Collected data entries
+ + + + + + +
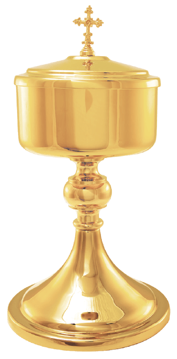 This beautiful Ciborium (Model B-102G) is a reverent and stunning vessel essential for the dignified administration of the Eucharist. The entire piece is richly plated in brilliant 24K gold, providing a luminous and lasting finish for the altar. The design is elegantly enhanced with a distinctive gold node on the stem and a sacred cross accent adorning the top of the lid. Standing at a generous 9-1/2 inches in Height, this substantial Ciborium offers a practical and secure capacity for approximately 175 Hosts, making it an ideal choice for large Masses and ensuring ample supply for the faithful
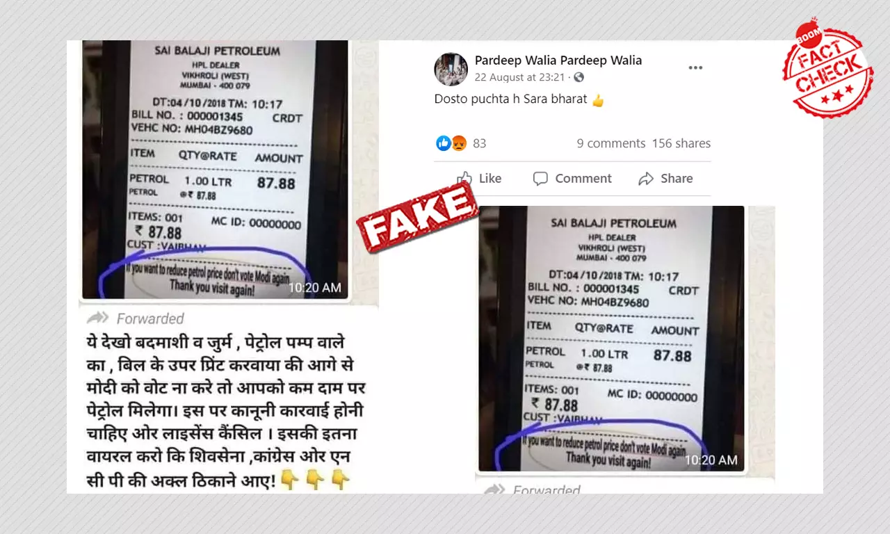 'Don't vote for Modi' के नाम से वायरल ये पेट्रोल पंप बिल फ़र्ज़ी है
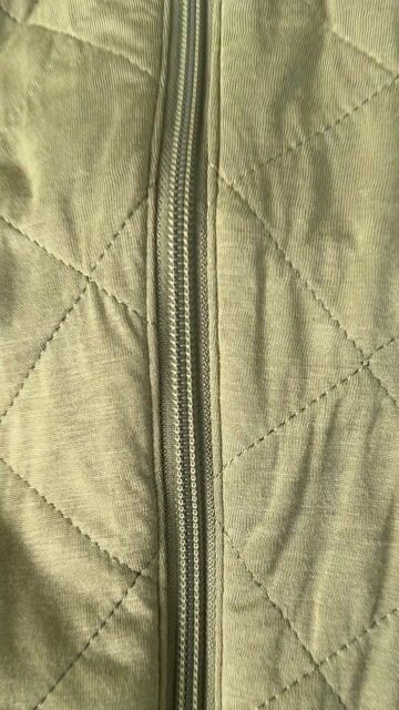 - Ensfarget, lys olivengrønn vognpose med quiltet struktur
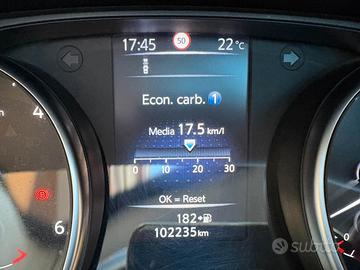 Auto in ottime condizioni, km certificati, guidabile da neopatentati, tetto panoramico, cronologia tagliandi nissan I nostri servizi: 12 mesi di garanzia Tagliando pre consegna Possibilità di finanziamento Carrozzeria Suv e Fuoristrada Porte 5 Posti 5 Bagagliaio 430 - 1.533 dm3 Capacità serbatoio 55 litri Massa in ordine di marcia 1.385 kg Massa rimorchiabile max 1.350 kg Lunghezza 439 cm Larghezza 181 cm Altezza 159 cm Passo 265 cm Motore Motore 4 cilindri in linea Cilindrata 1.461 cc Alimentazione Diesel Potenza max/regime 81 kW (110 CV) 4,000 giri/min Coppia massima 260 Nm Trazione Anteriore Cambio Manuale Marce 6 Prestazioni Velocità max 182 km/h Accelerazione 0-100km/h 11,9 secondi Emissioni CO2 99 g/km Omologazione antinquin. Euro 6 Accessori di serie ABS + EBD di serie Alette parasole con specchietto di cortesia (guida e passegg.) di serie Antenna Shark di serie Appoggiatesta posteriori di serie Attacchi ISOFIX (x2) sedili posteriori di serie Bagagliaio con doppio fondo modulare di serie Barre longitudinali al tetto di serie Bracciolo centrale anteriore con vano portaoggetti (6.1 litri) porta USB e presa 12V di serie Bracciolo centrale posteriore con portabicchieri di serie Calotte specchietti retrovisori esterni in tinta di serie Cambio manuale a 6 marce di serie Cerchi in lega da 18" di serie Chiusura centralizzata con sblocco selettivo di serie Chiusura di sicurezza per bambini (portiere posteriori) di serie Cinture di sicurezza anteriori con pretensionatore di serie Climatizzatore automatico bi-zona di serie Computer di bordo di serie Consolle centrale con doppio portabicchieri di serie Controllo elettr. della trazione (TCS) di serie Correttore assetto fari di serie Cruise control e limitatore di velocità con comandi al volante di serie Display a colori da 5" integrato nel quadro strumenti di serie Fari automatici intelligenti di serie Fendinebbia anteriori di serie Filtro anti-particolato di serie
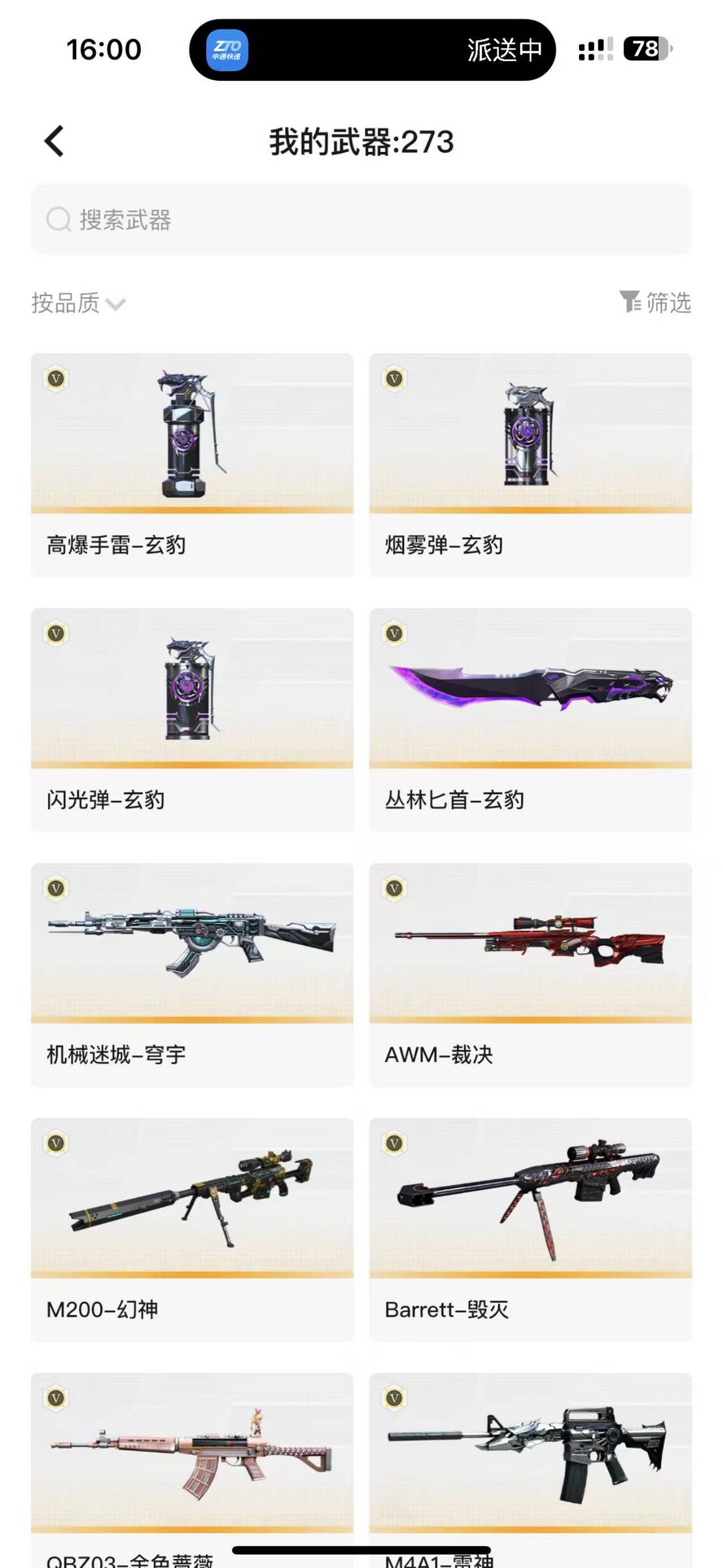 装备描述:AWM-裁决;M4A1-雷神,有音效卡,雷神QBZ蔷薇有皮肤。
+ + + + + + +
EXERCISE: From the first line to the last, retype the data exactly, without images.

FINAL ANSWER:
 This beautiful Ciborium (Model B-102G) is a reverent and stunning vessel essential for the dignified administration of the Eucharist. The entire piece is richly plated in brilliant 24K gold, providing a luminous and lasting finish for the altar. The design is elegantly enhanced with a distinctive gold node on the stem and a sacred cross accent adorning the top of the lid. Standing at a generous 9-1/2 inches in Height, this substantial Ciborium offers a practical and secure capacity for approximately 175 Hosts, making it an ideal choice for large Masses and ensuring ample supply for the faithful
 'Don't vote for Modi' के नाम से वायरल ये पेट्रोल पंप बिल फ़र्ज़ी है
 - Ensfarget, lys olivengrønn vognpose med quiltet struktur
 Auto in ottime condizioni, km certificati, guidabile da neopatentati, tetto panoramico, cronologia tagliandi nissan I nostri servizi: 12 mesi di garanzia Tagliando pre consegna Possibilità di finanziamento Carrozzeria Suv e Fuoristrada Porte 5 Posti 5 Bagagliaio 430 - 1.533 dm3 Capacità serbatoio 55 litri Massa in ordine di marcia 1.385 kg Massa rimorchiabile max 1.350 kg Lunghezza 439 cm Larghezza 181 cm Altezza 159 cm Passo 265 cm Motore Motore 4 cilindri in linea Cilindrata 1.461 cc Alimentazione Diesel Potenza max/regime 81 kW (110 CV) 4,000 giri/min Coppia massima 260 Nm Trazione Anteriore Cambio Manuale Marce 6 Prestazioni Velocità max 182 km/h Accelerazione 0-100km/h 11,9 secondi Emissioni CO2 99 g/km Omologazione antinquin. Euro 6 Accessori di serie ABS + EBD di serie Alette parasole con specchietto di cortesia (guida e passegg.) di serie Antenna Shark di serie Appoggiatesta posteriori di serie Attacchi ISOFIX (x2) sedili posteriori di serie Bagagliaio con doppio fondo modulare di serie Barre longitudinali al tetto di serie Bracciolo centrale anteriore con vano portaoggetti (6.1 litri) porta USB e presa 12V di serie Bracciolo centrale posteriore con portabicchieri di serie Calotte specchietti retrovisori esterni in tinta di serie Cambio manuale a 6 marce di serie Cerchi in lega da 18" di serie Chiusura centralizzata con sblocco selettivo di serie Chiusura di sicurezza per bambini (portiere posteriori) di serie Cinture di sicurezza anteriori con pretensionatore di serie Climatizzatore automatico bi-zona di serie Computer di bordo di serie Consolle centrale con doppio portabicchieri di serie Controllo elettr. della trazione (TCS) di serie Correttore assetto fari di serie Cruise control e limitatore di velocità con comandi al volante di serie Display a colori da 5" integrato nel quadro strumenti di serie Fari automatici intelligenti di serie Fendinebbia anteriori di serie Filtro anti-particolato di serie
 装备描述:AWM-裁决;M4A1-雷神,有音效卡,雷神QBZ蔷薇有皮肤。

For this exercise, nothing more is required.